Finished that book "Katerfelto". Katerfelto was a man who was a bit of a magician, witchdoctor, charlatan, gypsy all rolled into one and he had a horse also called Katerfelto. In the book, the horse did escape onto the moor never to be seen again and now I wonder if the Katerfelto they speak about is the fictional one, or was there later on a real Arab stallion called after the book character who really did run on the moor. Must re-read about the history of Exmoor ponies.
Visited family on one day whose rules we have to abide by and who won't go outside in the sun. Did get out for a short walk however. Went for a meal. Nearly had coq au vin but it was one of those days when I just really fancy something tomatoey, garlicky, juicy and cheesy so I chose spinach and ricotta canelloni. I always expect 3 canelloni tubes but here were four and there was lots of tasty sauce. The pasta was a very tiny bit undercooked, however. For pudding I had trifle. Very nice too but I couldn't taste any alcohol and thought it didn't have quite enough cream on top.
Made a pudding from my Pudding Club book - toffee apple pudding. However I made it with rhubard and also the Golden Syrup was best before end of 1996 which hubby noticed so I couldn't use it. (Would I have used it if he hadn't noticed? I didn't get that far). Also it involves suet. I can't face using suet except in Christmas pudding and mincemeat so I did my usual compromise. It was really very nice and next time I will make sure I have Golden Syrup in it and will try it with apples.

Thursday, 16 April 2009

Moans and favourites

Felt a moan coming on this lunchtime when out shopping. Why is it that that when people approach 2 abreast or more, it's always me who ends up getting out of the way? When it's their children or their dogs for which I have to move, that's even more annoying.

Had a bad dream last night that we were on a ferry and we upgraded our quiet, secluded reclining seats for a cabin. The cabin turned out to be in a big noisy open plan area with just a curtain round it, rather like a hospital cubicle, but the curtain was a lot shorter and lower so you could see above and below it, and right opposite was a family with screaming children.

Top ten favourite towns and villages (not in any order):
Venice
Porlock
Bossington
Ludlow
Inveraray
Herefordshire black and white villages

That isn't 10, or it is with the villages, but it leaves room for more or I could turn it into a bigger number if I like.

Another annoying question

"Are you sure?" Red rag to a bull. Say it's about as offering to get something at a shop for somebody, when you're going there yourself anyway, or are going nearby. "Oh, are you sure?" Is it convenient for you?" Well I'm not that gracious (I'm afraid), unless for some reason I really want to get or stay in their good books)and rarely have time on my hands so I probably wouldn't have offerred if I hadn't been sure or it hadn't been convenient. Honestly! As if I'm going to turn round and say "well no, actually I'm not sure at all. I don't really want to do that tiny thing for you.

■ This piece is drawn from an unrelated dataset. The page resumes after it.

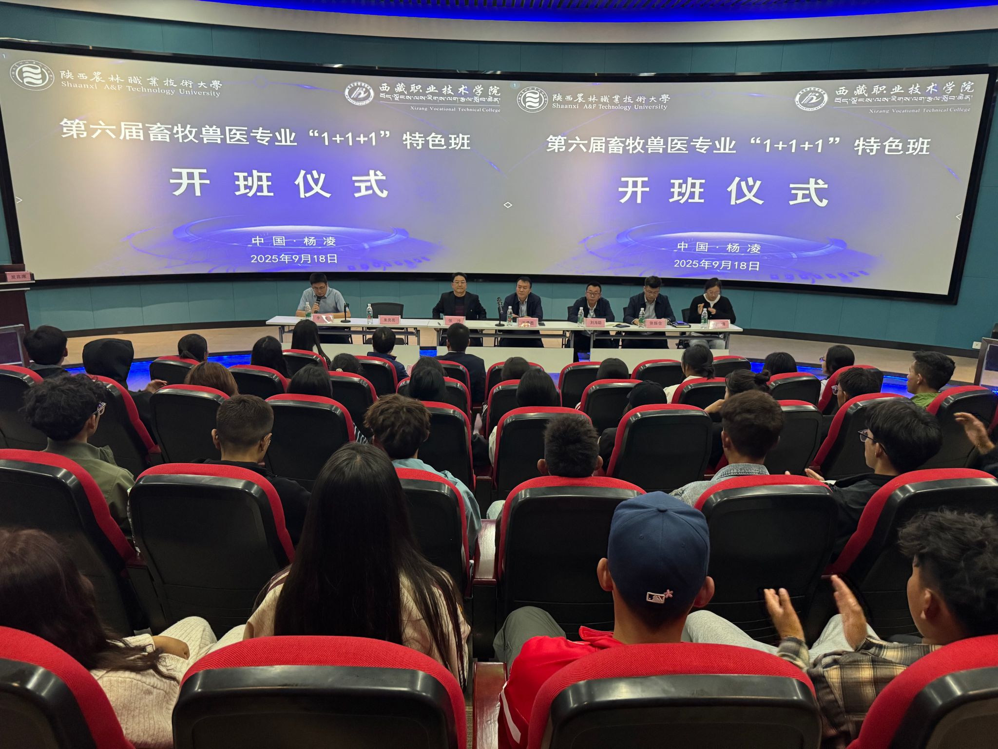 9月18日下午,学校举行第六届畜牧兽医专业“1+1+1”特色班开班仪式。当天,校长仲伟周专程慰问特色班同学,勉励大家要珍惜宝贵的青春年华,树立远大理想,夯实专业基础,锤炼过硬本领,勇于探索创新,不负时代,不负韶华。西藏职业技术学院动物科学技术学院院长刘海聪,我校党委副书记、纪委书记王勇胜出席开班仪式并讲话。西藏职业技术学院动物科学技术学院班主任刘倩,我校动物工程学院负责人、教师代表及畜牧兽医专业“1+1+1”特色班40名学生参加开班仪式。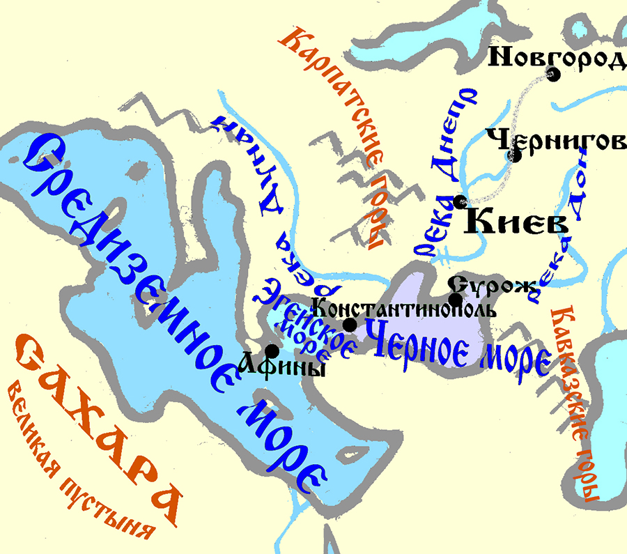 – Смотрите: в сторону Новгорода лежат дремучие леса. Правильно? А южнее – степи, – показывал Креонт. – Как писал Фукидид? "За дикими степями, за высокими горами, за морем, которое как небо…" Если лететь над степью, можно прилететь сюда – к Карпатским горам, – он постучал по неровным зубчикам на картинке. – А можно и сюда – к горам Кавказским. Но за Кавказскими горами никакого большого моря нет, а за Карпатскими – наоборот, простирается Средиземное море, которое древние ученые даже сравнивали с океаном, а ваши мореплаватели прозвали Великим. И между прочим, воды его славятся своей небесной голубизной. И вот, посмотрите!.. – престарелый грек поискал вокруг себя, нашел возле печки длинную соломину и приложил ее к карте. – Глядите, я веду линию от Киева, через Карпатские горы, дальше через море и – куда попадаю?

I've considered how my day is going to pan out and it won't actually be convenient at all so I don't know why I said I would do it. I feel really stupid now, not thinking it out before making my offer. Sorry. You'd better do it yourself". The smaller the gesture the more pointless and annoying the question.

Nature watch - wheatear!

Male wheatear seen last night on the wall of old ruin where they were always seen last year.
Keep looking for hares but pony routine has changed with the lighter nights. Hares could be seen nearly every morning but they are not usually in that place 11 hours later.
Just rescued field vole from the cat's jaws.

Tuesday, 14 April 2009

Easter hols, tourist attractions and naturewatch

Easter all over. What a comedown having to return to work.
Took some Easter cakes on holiday and ate them in the gaps between huge breakfasts, tea shop visits and evening meals.
The weather was superb and it really makes all the difference to an Easter hol because when it's wintry at Easter it just feels all wrong.
Anywhere that is geared up to tourism -not that this particular area was - is always full of children doing Easter egg hunts. Are these new things or did they just not have them anywhere I was until about 10 years ago? Are they usually chocolate eggs that are hunted and if so, what happens when it's hot? They just melt I suppose.
Went to 2 churches and had the usual feeling that for their sake you hope they talk to you because you hope they are nice and welcoming to newcomers but you also hope it won't be you they choose to talk to because you would prefer to melt into the background.
Saw lovely scenery and some very attractive towns and villages.
Visited another old village church and saw it had a tortoise stove. Exciting because the tortoise stove is mentioned in a Christmas poem by I THINK John Betjeman. I actually like bits of the poem but felt left out of it at the beginning because I didn't know what a tortoise stove was and felt I ought to. Was it the shape of it or the make? Well now I know.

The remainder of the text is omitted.